Background: RNS was approved as an adjunctive therapy for drug-resistant focal-onset epilepsy in the USA in November 2013. The success of epilepsy surgery, including RNS, is highly dependent on localization of the epileptogenic zone. MEG, in combination with coherence source imaging (CSI; a measure of oscillating neuronal activity), can be useful in precise surgical mapping. The aim of the present study was to determine whether epileptogenic regions detected by MEG can provide accurate locations for the RNS leads in patients with drug-refractory epilepsy.

Design/Methods: Retrospective analysis of patients with drug resistant temporal lobe epilepsy (TLE) who eventually received RNS and MEG at our center was performed. Data collected as part of the pre-surgical epilepsy work up also included scalp video EEG, MRI, SPECT, PET scan, Phase II EEG monitoring and Wada testing, as appropriate. Postoperative outcome was assessed after one year using Engel classification. Resting-state 15-minute MEG scans filtered 3–50 Hz were analyzed with ECD and CSI. Engel outcomes were compared in patients with and without concordance between localization assessed by MEG-CSI and RNS electrode implantation.

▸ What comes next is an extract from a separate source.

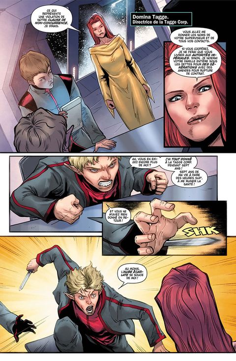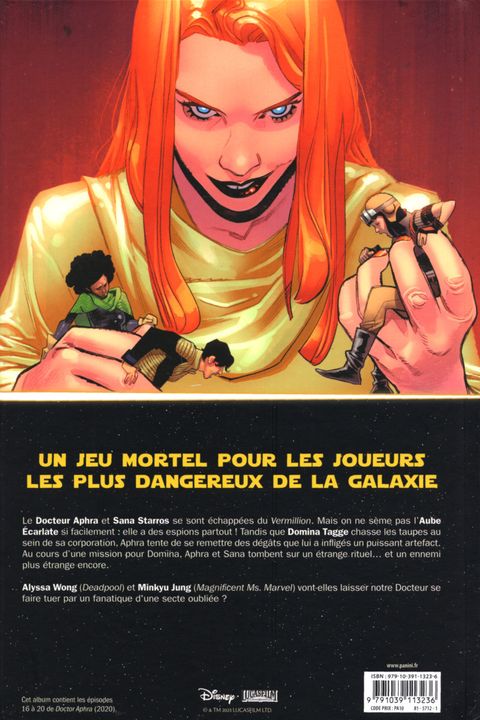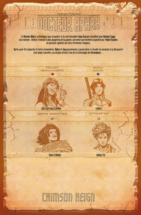 Aphra et Sana ont réussi à s'enfuir du Vermillion mais elles n'échapperont pas à l'Aube Écarlate aussi facilement : le groupe criminel a des espions partout ! La puissante Domina Tagge lance alors les deux femmes à la recherche d'artefacts rarissimes. Une quête qui va les conduire vers une vieille connaissance de Chelli Aphra ! Comme les autres séries Star Wars, Dark Vador et Bounty Hunters, le quatrième tome de Doctor Aphra reprend les épisodes publiés dans les quatre softcovers CRIMSON REIGN. La série poursuit son exploration du passé de la galaxie grâce au travail d'archéologue de la protagoniste.

Results: A total of 10 patients with RNS implantation in our study underwent pre-surgical MEG. Compared to patients with non-concordant MEG based localization and RNS placement, patients with concordant data had the following outcomes: Engel IV (33.3% vs 50%), Engel III (33.3% vs 25%), Engel II (16.7% vs 25%) and Engel 1 (16.7% vs 0%).

Conclusions: Our study with a small sample size demonstrates a trend towards better outcomes in patients with concordant MEG and RNS data, thereby suggesting a greater role for MEG in pre-surgical mapping for RNS placement. A larger sample size would provide further clarity to this crucial question.